Was that, somehow, a sign, a warning, and I let go it?

The affect when ns landed was immediate, prefer an anchor gift dropped right into water. I was challenge down. Mine chest was lying directly flat on the grassy area in between the curb and also the sidewalk; my legs lay outstretched on top of each other, nearly disconnected native my human body on the pavement in ~ a 90-degree angle. My reduced extremities to be motionless together the curb pressed against my abdomen.

See more: Consulado Dominicano En Lawrence Ma 01840, Consulado Dominicano En Boston

I began screaming Kevin"s name over and also over again. I remained in so much pain and unable to move, from mine midsection down. Ns was certain that i was paralyzed. Through my cheek flush versus the grass, I could see Kevin running toward me. Together he gained closer, i remember his mouth opening large in shock, almost in shock at what he was seeing. All the color left his confront as he stood end me, horrified. The looked together if someone had reached into his body and yanked out his soul.
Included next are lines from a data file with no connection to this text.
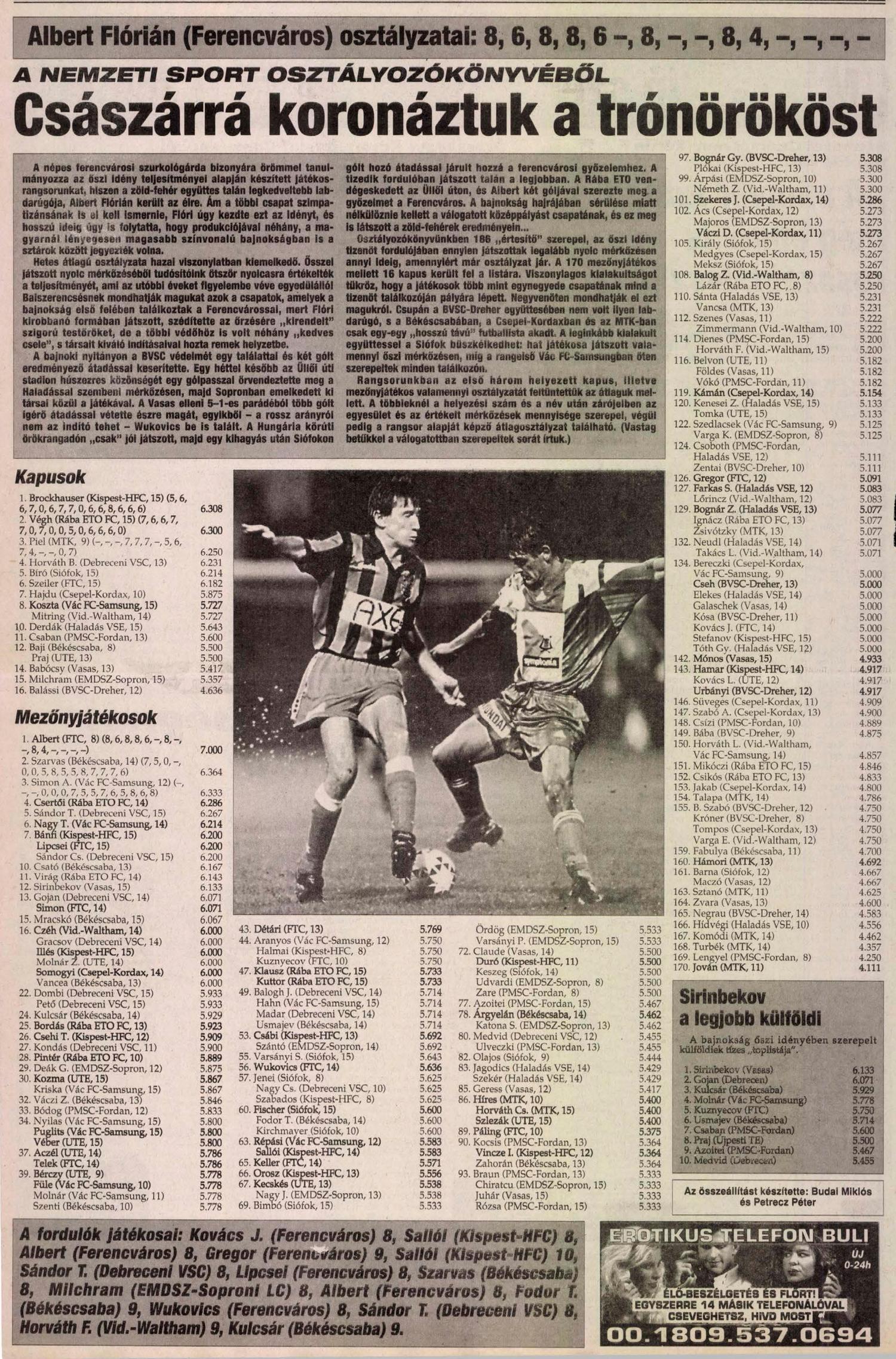 Kategória: Posztonkénti rangsor (NS) | Címke: 1993/94, Albert Flórián ifj., Détári Lajos, Fodor Tibor, Gregor József, Keller József, Kovács József, Kuznyecov Szergej, Lipcsei Péter, Páling Zsolt, posztonkénti rangsor, Simon Tibor, Szeiler József, Szekeres Tamás, Telek András, Végh Zoltán, Wukovics László
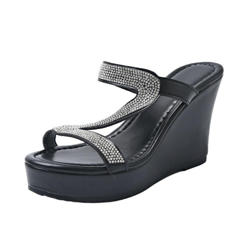 Мода Плюс Размер 2025 Лето Открытый Носок Женские Шлепанцы Горячая Распродажа Кристальные Танкетки Сандалии Платформа Мода Высокое Качество Платье Шлепанцы 43 чёрный
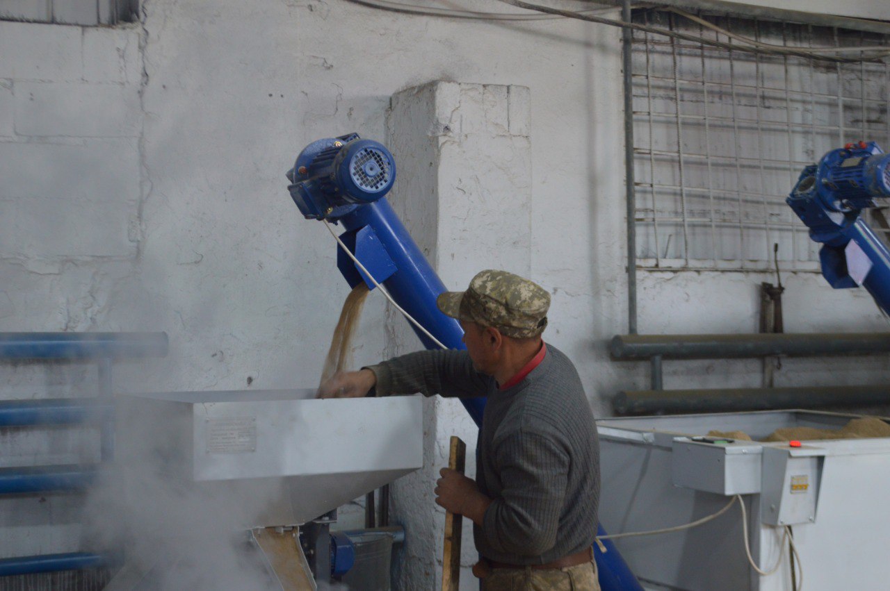 "Это вместе с пакетами, их же масса составляет где-то 40-50 килограммов. Сейчас вот собранное здесь стоит почти неделю, тут 7-8 тонн прессованного хлеба. В час это оборудование может производить 400 килограммов. Из тонны хлеба примерно получается 850 килограммов продукции. Потому что здесь есть испарение из-за высокой температуры переработки. Поэтому появляется весовая потеря. В мешки мы положили по 25 килограммов, но вот они постояли месяц и сейчас их вес около 23-24 килограммов", - рассказал бизнесмен.
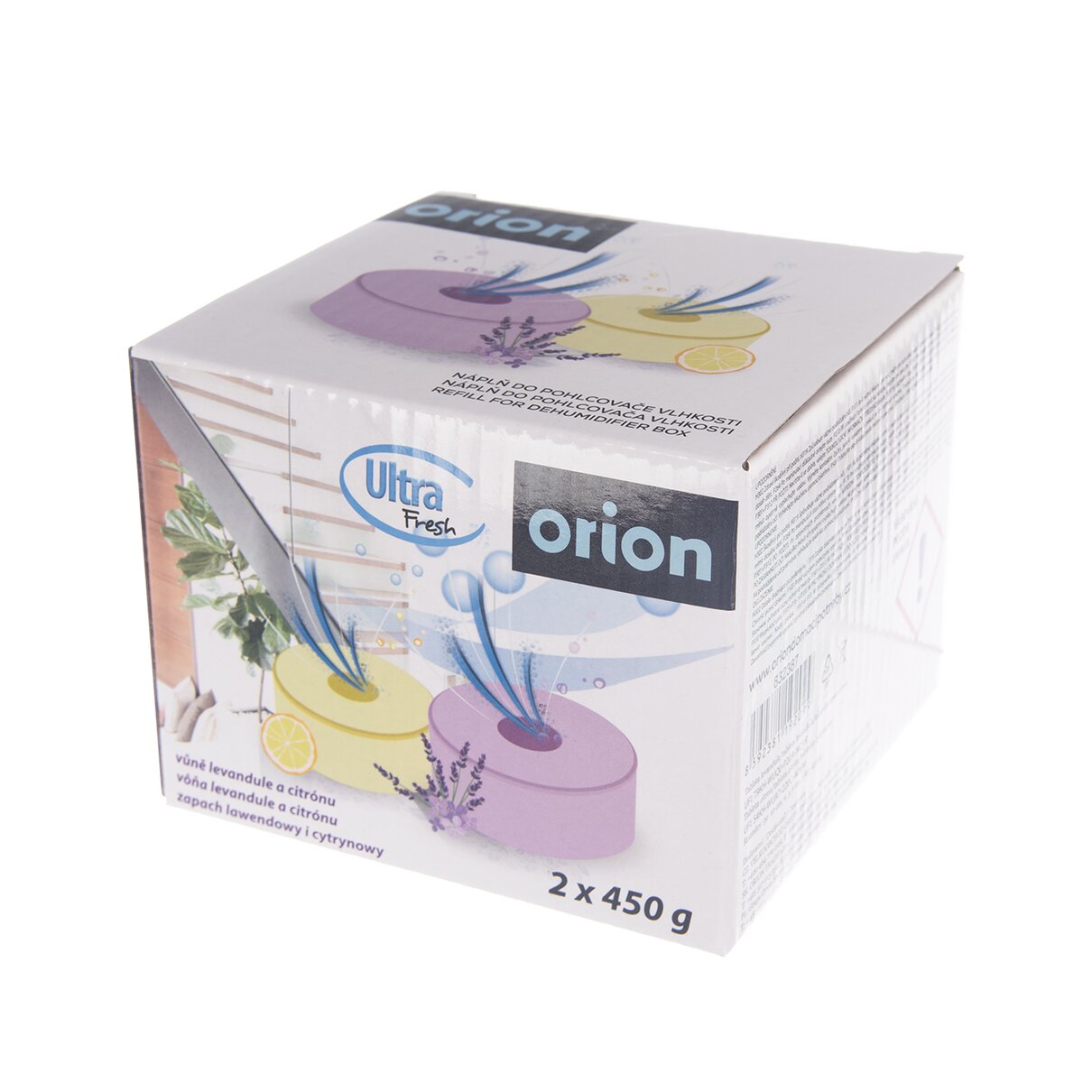 Kód produktu 832387Sada 2 kusov náhradných tabliet do pohlcovača vlhkosti, jedna s vôňou citrónu a druhá s vôňou levandule. Každá má hmotnosť 450 g a priemer 10 cm.
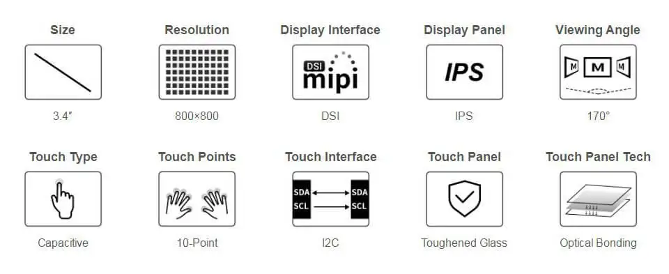 This 3.4-inch DSI round capacitive touch screen features an 800x800 pixel IPS display panel with 10-point touch control. The DSI communication interface works in conjunction with the I2C touch interface, providing a wide 170° viewing angle. The tempered glass panel and fully laminated touch technology ensure the high quality and stability of the product. This product is specifically designed for Raspberry Pi and comes with Raspberry Pi OS system drivers. It supports Pi 5/4B/3B+/3A+ models, while some CM3+/4 models require an adapter cable.【Device and System Support】

His expression was every the confirmation ns needed about what I had done. I started crying and also pounding my best fist against the grass when screaming, "I threw it every away! ns threw it every away! i threw it every away!"

Kevin yelled for aid while pulling out his mobile to dial 911. I began to feel the emotion of someone pouring a pitcher that scalding warm water from my pelvic area under to mine feet. I got in shock together the pain began to override mine senses. Kevin to be holding mine hand, informing me every little thing was going to it is in all ideal -- ever before again.